Maintenance therapy:  Electrolyte levels of dogs treated with DOCP should be checked 2 weeks after the initial dose, and then at weekly intervals.  This is necessary to determine the appropriate interval between DOCP injections.  Once either potassium rises above laboratory normals of sodium drops below the laboratory reference range, or both, it is time for the next shot.  This interval can range from every two to every 8 weeks.  Novartis, the manufacturer of Percorten, recommends an initial dose of 1mg/lb body weight, but I find most dogs of Beardie size or larger do well with an initial dose of 0.5 mg/lb.  If electrolyte levels are still normal after four weeks an even smaller dose can be given the next time.  Maintenance doses can be given either subcutaneously or intramuscularly, so owners should be able to give the shots themselves to lower their costs once the dog is stabilized.  While Florine-f can be used for maintenance treatment, it does not stabilize sodium and potassium concentrations as effectively as Percorten and is more expensive for dogs weighing more than 25 lbs.  With stable dogs it is only necessary to recheck electrolytes every four to six months or if the dog becomes ill. Because Percorten has no glucocorticoid activity it is necessary to give prednisolone (Beardies tolerate the artificial drug better than prednisone) at a dose of 2.5 or 5 mg every day or every other day.  The dose must be increased if the dog is stressed or if a stressful situation is anticipated.  In this case increase the prednisolone dose two or three days before the anticipated stress – travel, visitors, hospitalization, etc. 
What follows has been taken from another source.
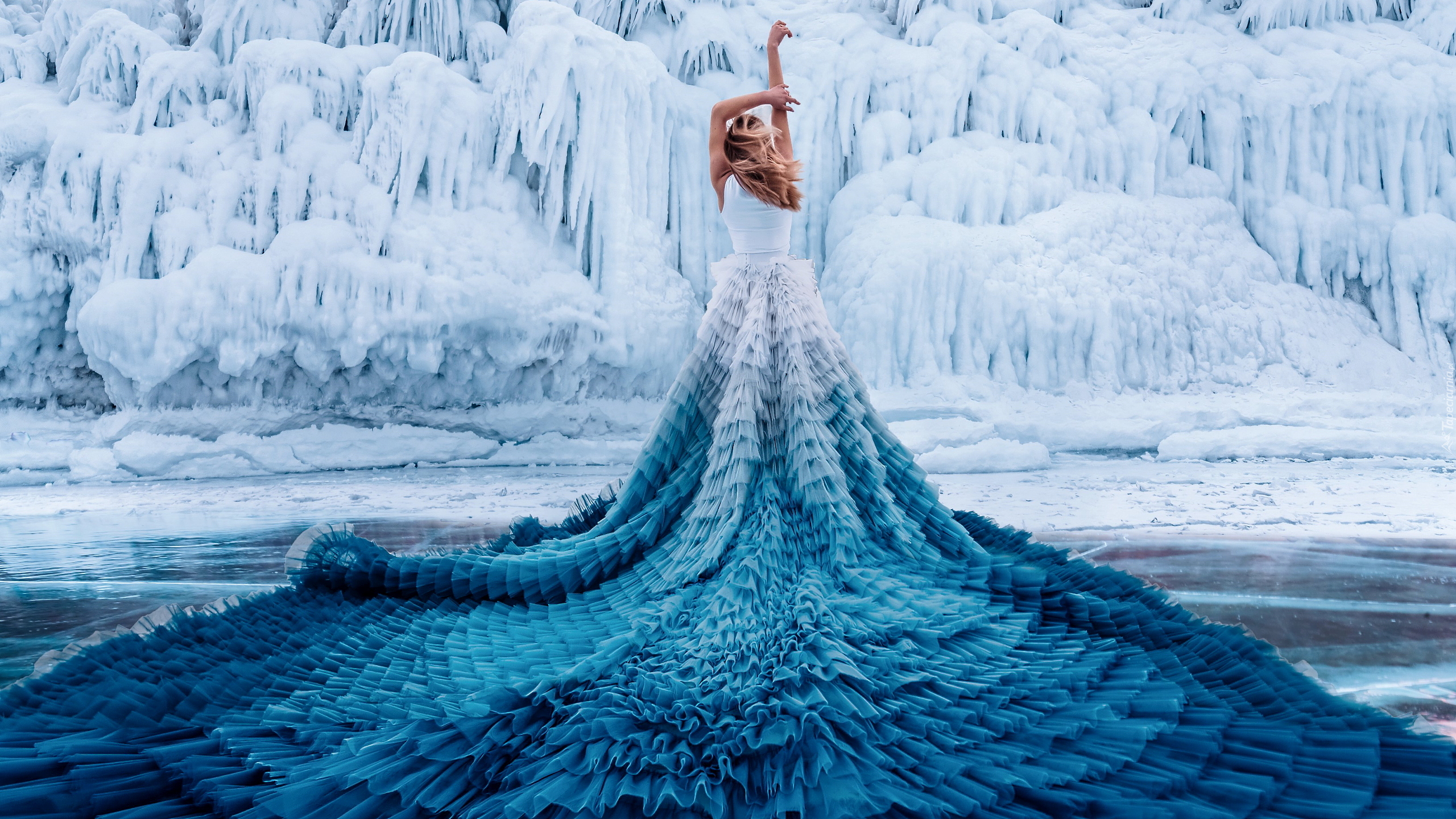 Edytor tapety: Kobieta w długiej sukni na tle sopli lodowych

While Addison’s is not a disease anyone would wish for, most dogs are well maintained and can expect a fairly normal life span and other diseases are usually responsible for their deaths.  Owners become especially keyed into their dogs and recognize situations that cause their dog stress and tweak drug doses accordingly.  One of the biggest risks now seems to be that anytime the dog appears not to be functioning optimally owners increase medication dose, often without consulting their veterinarian.  This response seems to be encouraged by the Internet Addison’s groups.  As a result I have seen a lot of dogs over-medicated several fold.  If your dog is taking more than the recommended dose of either Percorten or Florine-f (0.015-0.2 mg/kg/day, although I have maintained Addisonian Beardies well on doses as low as 0.1 mg a day), do consider the possibility that your dog is being over-medicated.  Fortunately, there is less risk of this happening if the dog is getting Percorten injections.